Every line of the listing below must be printed again exactly, apart from its pictures.
++++ Information shown ++++
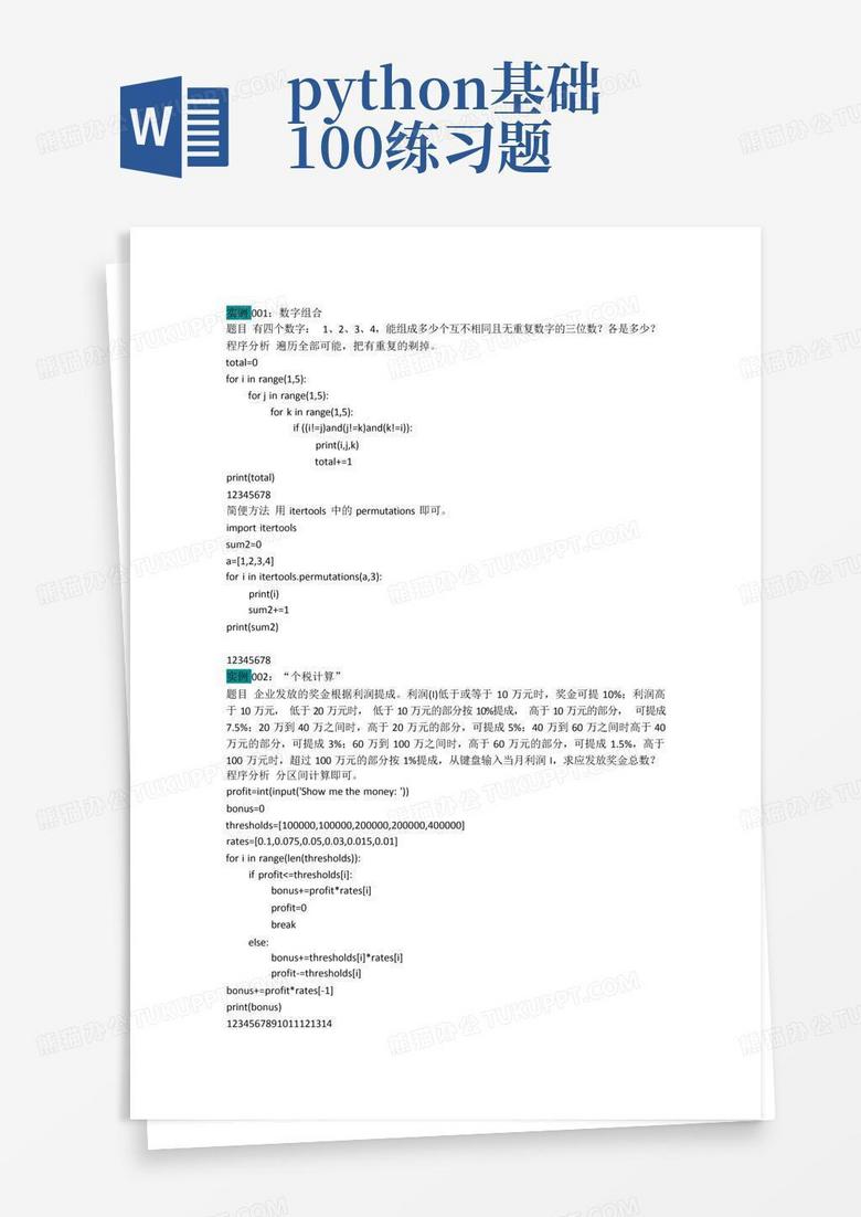python基础100练习题Word模板下载_编号lknzbyaj_熊猫办公
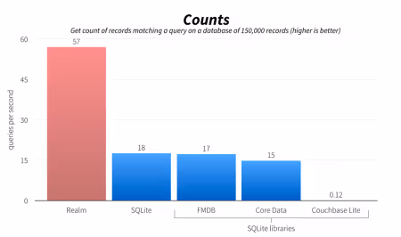 Usually, compact code is associated with higher-level languages (like Ruby & Python) that lose in performance what they gain in simplicity. But that leads one to Realm’s second big advantage.
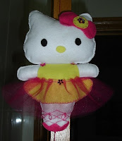 Hello Kitty Bailarina em feltro e outros tecidos com aplicações de lantejoulas, flores de tecido. Com aproximadamente 20 cm de comprimento.
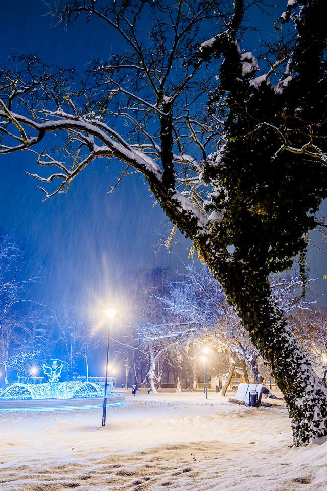 Обои Снег, Деревья, Ночь, Зимняя ночь
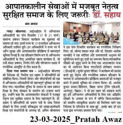 आपातकालीन सेवाओं में मजबूत नेतृत्व सुरक्षित समाज के लिए जरूरी : डॉ. सहाय
++++
_Exercise answer_
python基础100练习题Word模板下载_编号lknzbyaj_熊猫办公
 Usually, compact code is associated with higher-level languages (like Ruby & Python) that lose in performance what they gain in simplicity. But that leads one to Realm’s second big advantage.
 Hello Kitty Bailarina em feltro e outros tecidos com aplicações de lantejoulas, flores de tecido. Com aproximadamente 20 cm de comprimento.
 Обои Снег, Деревья, Ночь, Зимняя ночь
 आपातकालीन सेवाओं में मजबूत नेतृत्व सुरक्षित समाज के लिए जरूरी : डॉ. सहाय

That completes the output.